Pre-dawn and Venus and Jupiter are passing each other quietly; a friend sends a text from half a world away letting me know that Prague is as beautiful as he'd hoped. A pile of clothing on my nicely-made bed awaits only some toiletries and in less than an hour I'll meet up with a friend I have known since I was a little, little girl and the two of us will be off on one of our adventures. God willing we will  be safe in our travels--she driving, me as navigator.

The world IS a wide and wonderful place, you know. By the standards of some folks I travel too much. By the standards of some other folks, I have a very narrow range for my wanderings. When it comes to how far anyone ventures away from the known, travel becomes a personal choice.

There's a moment -- sometimes several moments in the course of a trip when one has an experience that suggests it would be easier to "just stay at home."  For me that moment  often comes when I am sharing a far-too-heavy-to-be-up-in-the-air-in-the-first-place plane cruising along at 34, 000 feet. Turbulence. I hate it. You probably hate it, too. So far I have survived all my episodes of turbulence as have you who read this, but it is so easy to imagine that it is your plane that will spiral back to the earth and  - - -ka-pow, that's the end of it. 

Another moment when I flirted with the idea  of just staying home came as I  negotiated the steep steps of the Minack theatre -- built into the side of a cliff. Perilous. Precipitous. But the steepness is nothing compared to the audacity of one woman's vision and resolve to carve a theatre out of a cliff.


Another moment that confirmed the necessity of travel came when I  took a walk from Penzance to Mousehole solo. I strolled Newlyn Harbor with its vessels ranging from tiny two-man boats to huge, tall-masted, heavy-duty fishing ships. I was watching a tough young sailor gently feeding bread to some cygnets when I met a couple who had been married for 65 years. He "Clive" explained that the young man was a fisherman about to set out on a ten-day stint at sea. 
He went on to describe the comings and goings of almost every ship in the harbor--even a fishing boat that had been purchased for conversion into a house boat. "You surely know a lot about this place," I said. He explained that  every day he and his wife "Claire" stroll  down to the harbor from their home over a mile away to "have a look at the sea." 

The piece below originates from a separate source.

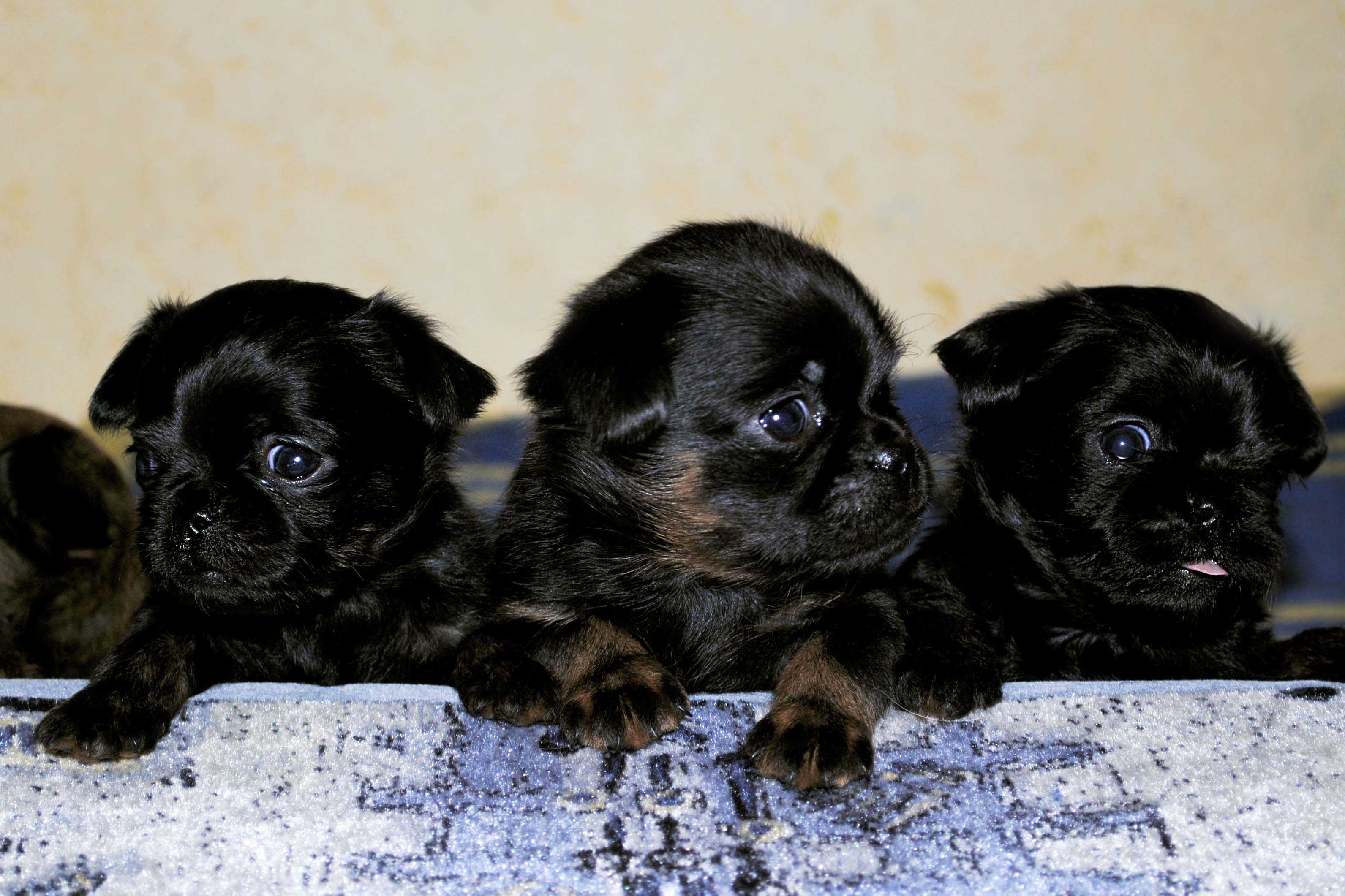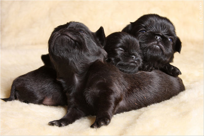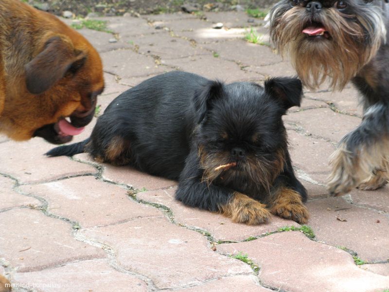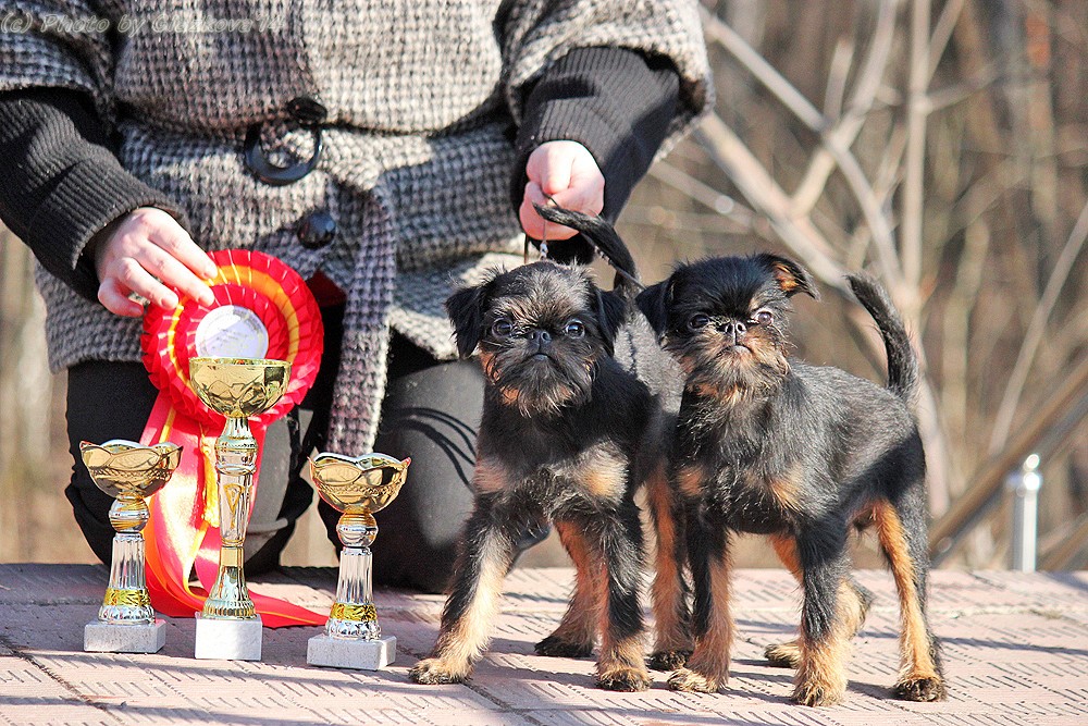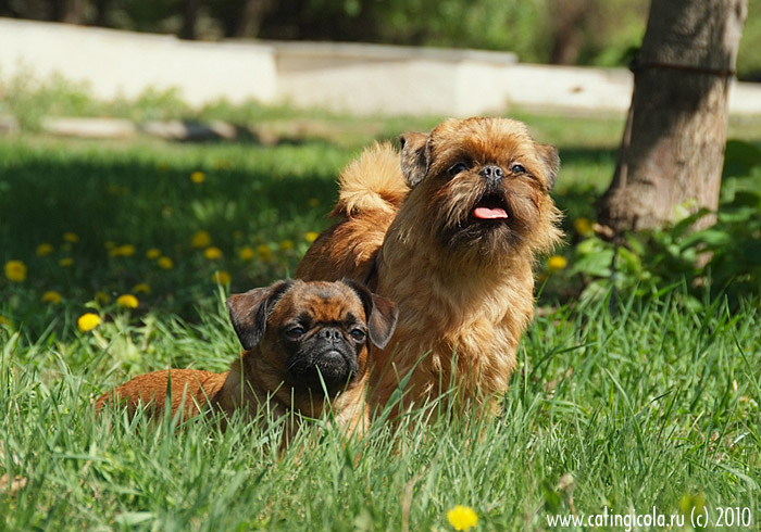 No one knows exactly which breeds became the first ancestors of the griffons - most likely, during these 500 years not less than a dozen different breeds with different external characteristics and qualities participated in the selection. The closest relative of griffons from modern breeds of dogs is considered to be an affincher, a toy terrier and a pekinese. These dogs are similar in appearance, however they differ in different character traits. In addition, recently it became known that affenpinchers appeared much later than griffons.

"Isn't it beautiful?" he asked stretching his arm to indicate that vast stretch of ocean that holds Penzance, Newlyn and Mousehole in its briny enchantment. His eyes are full of wonder; his hand clutches hers in easy amity. She looks at him and at the sea. She pats the hand that holds hers with her other hand. There is love.

And even though I need no reminders that the world is, indeed, a beautiful place, I am reminded (once again) that turbulence and the fear of falling into the sea will not keep me from future travels. Maybe it shouldn't keep you safe in your harbor, either.